Regards

Sugar Man

par Pascal Aubier

Il faut se méfier des films que l’on vous recommande. Surtout de ceux que l’on vous recommande beaucoup. Le risque de déconvenue augmente au nombre des recommandeurs. C’est donc un peu à reculons que je suis allé voir SUGAR MAN un documentaire dont tout le monde dit qu’on croirait de la fiction. Bon déjà, j’aimerais arrêter le faux débat. Il y a le cinéma, c’est-à-dire les images animées — et leurs subsidiaires à la télé, sur le net, n’importe où.

D’abord il n’y a pas de différence entre le cinéma de fiction et le cinéma documentaire. Il y a autant de documentaire dans un film de fiction que de fiction dans un documentaire.
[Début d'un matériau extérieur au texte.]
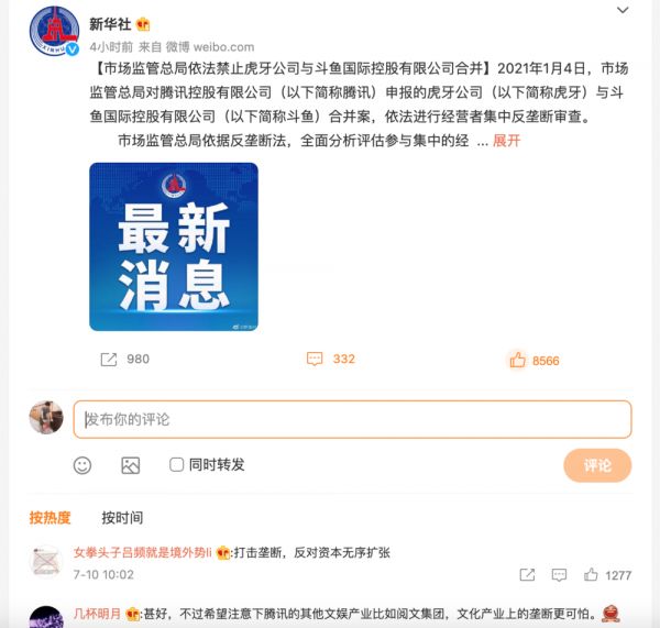 2021年7月10日,国家市场监管总局依法禁止虎牙公司与斗鱼国际控股有限公司合并。
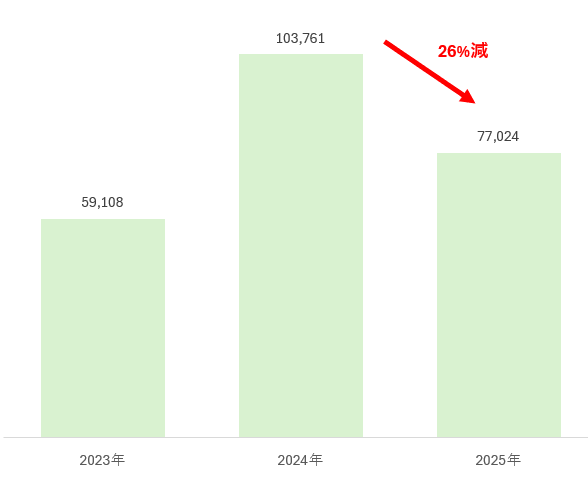 2023年、2024年、2025年における1月~7月小計のアメリカからの輸入数(台)推移
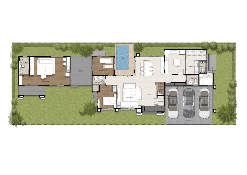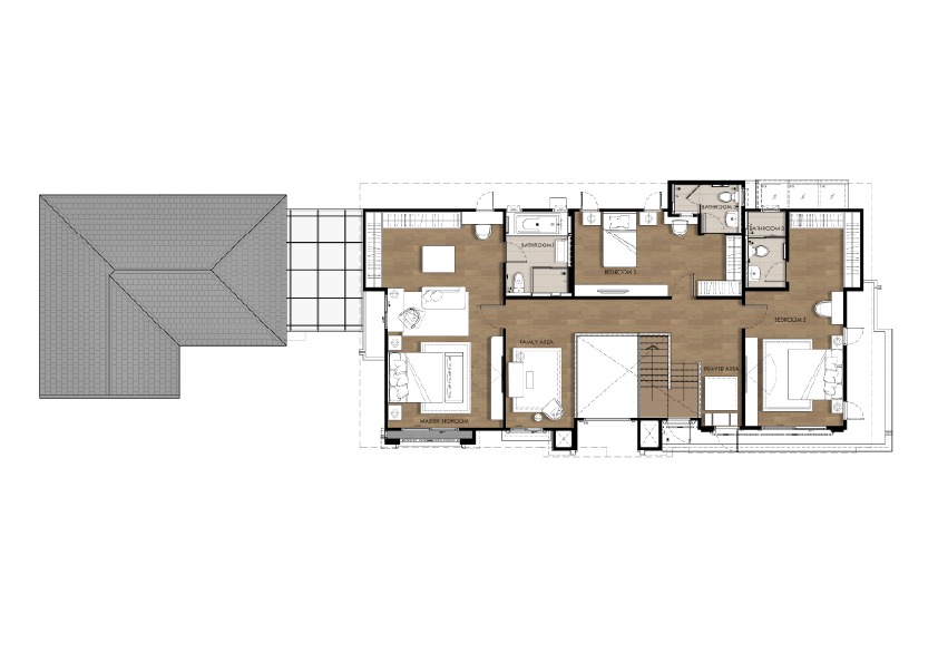 Single Detached House Total usable area: 258 sq.m. 4 bedrooms, 5 bathrooms Family living room, prayer room, dining room, kitchen, Glass House, maid’s room, and parking for 3 cars.
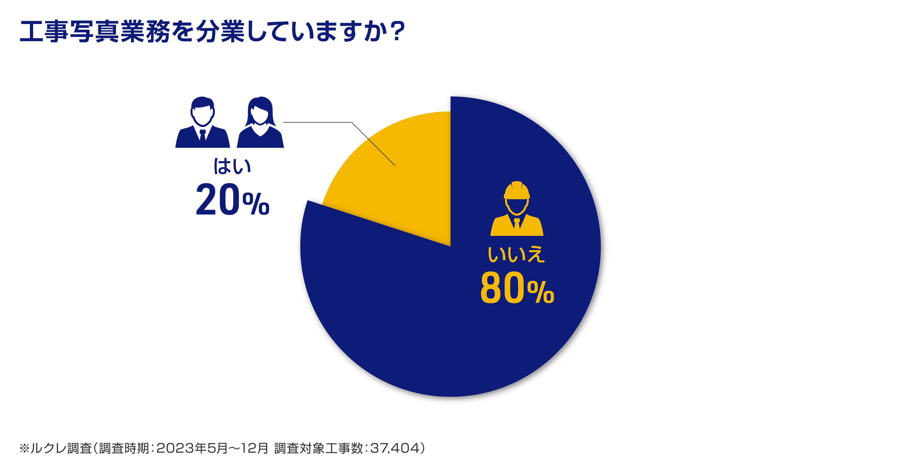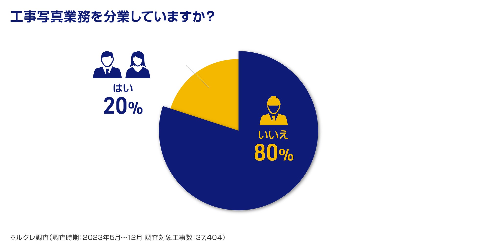 アンケート調査では、工事写真業務を1人で行っている現場監督の割合は80%(※)との結果が出ました。工事写真業務は、現場での業務終了後に現場監督が事務所に帰って作業を行うことが一般的で、現場監督の残業につながる大きな要因といわれています。
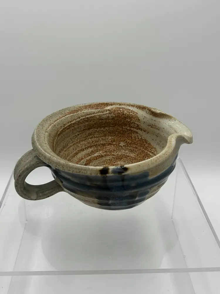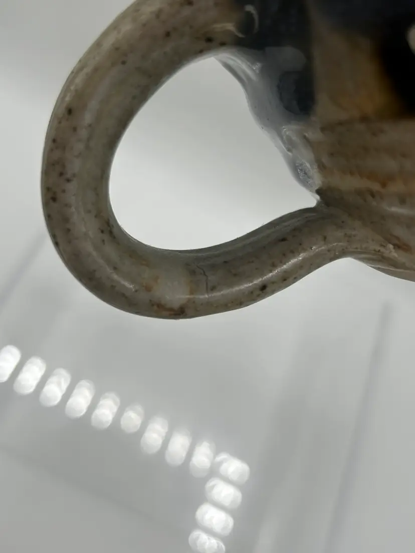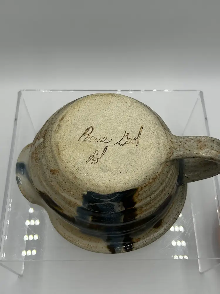 Signed. Small chip on spout. Small crack on handle. See photos. 6 inches diameter
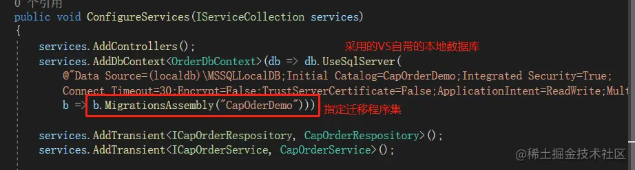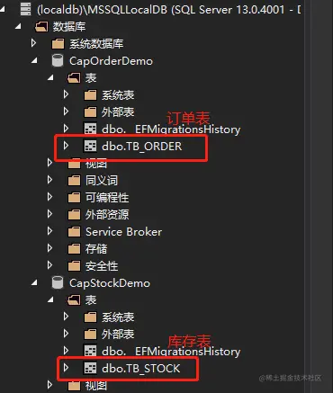 这里模拟两个服务,一个是订单服务,一个是库存服务,两都用到EF(Code First),如果小伙伴对EF入门还不熟,<<跟我一起学.NetCore之EF Core 实战入门,一看就会>>这篇文章超详细,肯定能帮到你; 所以接下来就上几张关键的图就行啦。
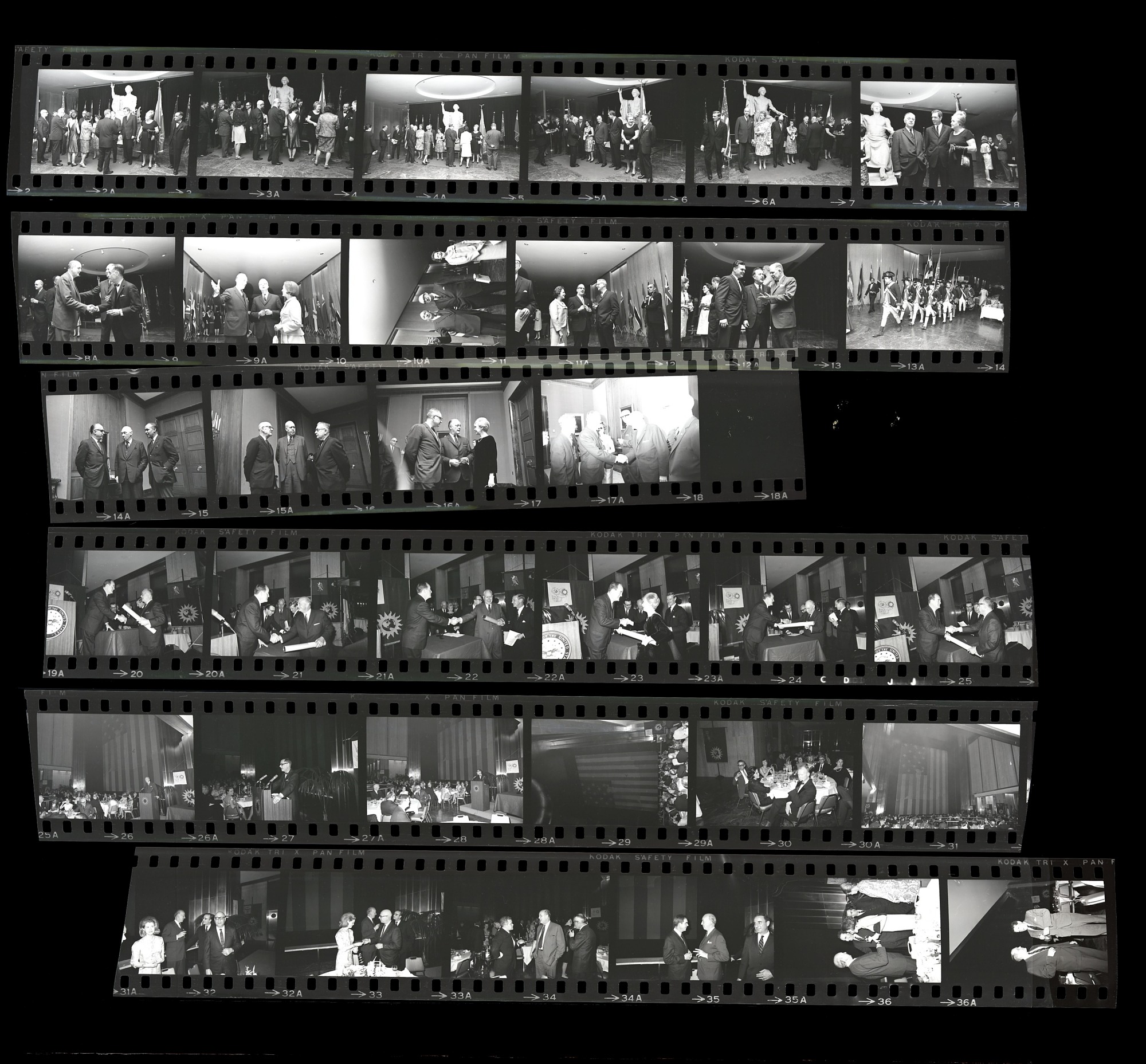 Dinner in celebration of George Washington's birthday at Museum of History and Technology, now known as the National Museum of American History, with Vice President Hubert H. Humphrey, Secretary S. Dillon Ripley, and Assistant Secretary for Science Sidney R. Galler.

A BOUT DE SOUFFLE est un très bon documentaire sur le Paris de 1958 .Comme le cinéma néo-réaliste italien nous montre bien l’état de l’Italie d’après guerre. De même les documentaires sont aussi des œuvres de fiction dès le moment où l’on « choisit » son sujet et qu’on le met en scène en cadre. Le point de vue du réalisateur s’impose autant que le sujet qu’il traite. Ce qui est très naturellement le cas de SUGAR MAN. Traité un peu « à l’Américaine », beaucoup de moyens, images super HD, très bon son et grande enquête, en Afrique du Sud et aux USA. Mais surtout le choix du sujet : Rodriguez, un chanteur-compositeur de la banlieue de Détroit la cité industrielle dévastée par les grandes marques automobiles qui se sont délocalisées là ou la main d’œuvre est la moins chère. Des milliers de chômeurs, une ville fantôme, désertée, explosée. Et ce, depuis le milieu des années soixante quand le grand capitalisme a commencé à fracasser la classe ouvrière américaine et tout le tissu social qui était l’âme vive de ce grand pays. La misère la plus noire est tombée sur les États-Unis et plus particulièrement sur les régions industrielles autour des Grands Lacs. Pendant que pour d’autres, de moins en moins nombreux, la vie continuait selon les préceptes classiques du capitalisme : La loi du plus fort, la libre entreprise.
A ce propos, avez-vous vu FLINT le film (documentaire) de Michael Moore ? Vous devriez ! Moore est originaire du Michigan, de Flint, non loin de Détroit. Et le tableau qu’il dresse du malheur de la classe ouvrière est édifiant.
En fait, le vrai sujet de SUGAR MAN est le même. Nonobstant le talent – et la modestie – de Rodriguez, l’enquête menée pour le retrouver près de quarante ans après l’enregistrement de ses deux seuls disques immédiatement oubliés aux États-Unis est édifiante. Alors qu’il est devenu une star absolue en Afrique du Sud au temps de l’Apartheid — et aujourd’hui encore, l’enquête nous fait traverser à la fois le monde plutôt dégueulasse de l’industrie musicale outre-Atlantique, celui de ses fans enthousiastes qui accompagnaient de sa musique leur lutte contre l’Apartheid et celui des fantômes de Détroit et alentour. Et parmi ces fantômes Rodriguez lui-même vivant depuis l’effondrement de sa courte carrière musicale en son pays, de petits boulots très durs dans les chantiers qu’il arrive à attraper.
Rodriguez est Mexicain d’origine, probablement Araymara ou Natchez, très beau avec sa crinière noire, ses bottes et ses lunettes de soleil. Il a aujourd’hui soixante-dix ans et trois grandes filles qui l’ont accompagné en Afrique du Sud ou il a été acclamé par quatre-vingt mille spectateurs à chacun de ses concerts. Ce succès inattendu, bouleversant, n’a eu guère de prise sur lui. Il est retourné à Détroit, dans se vieille petite maison ouvrière. La modestie de cet homme est stupéfiante dans une époque où le monde entier rêve de glamour, de célébrité et d’argent. Rodriguez lui, a distribué tous les gains obtenus par ses concerts, entre sa famille et ses amis. Il continue de travailler sur les chantiers. C’est la personnalité de cet homme qui fait évidemment le film, mais les protagonistes de cette immense enquête pour le retrouver sont attachants comme tout et ils en profitent pour nous faire rencontrer les salauds évidents qui ont touché l’argent venu d’Afrique du Sud en entretenant la légende selon laquelle Rodriguez se serait immolé par le feu en scène, ou – autre version – tiré une balle dans la tête, toujours en scène. Commode histoire. Le film donc mérite tout à fait d’être vu. Voici donc une nouvelle recommandation.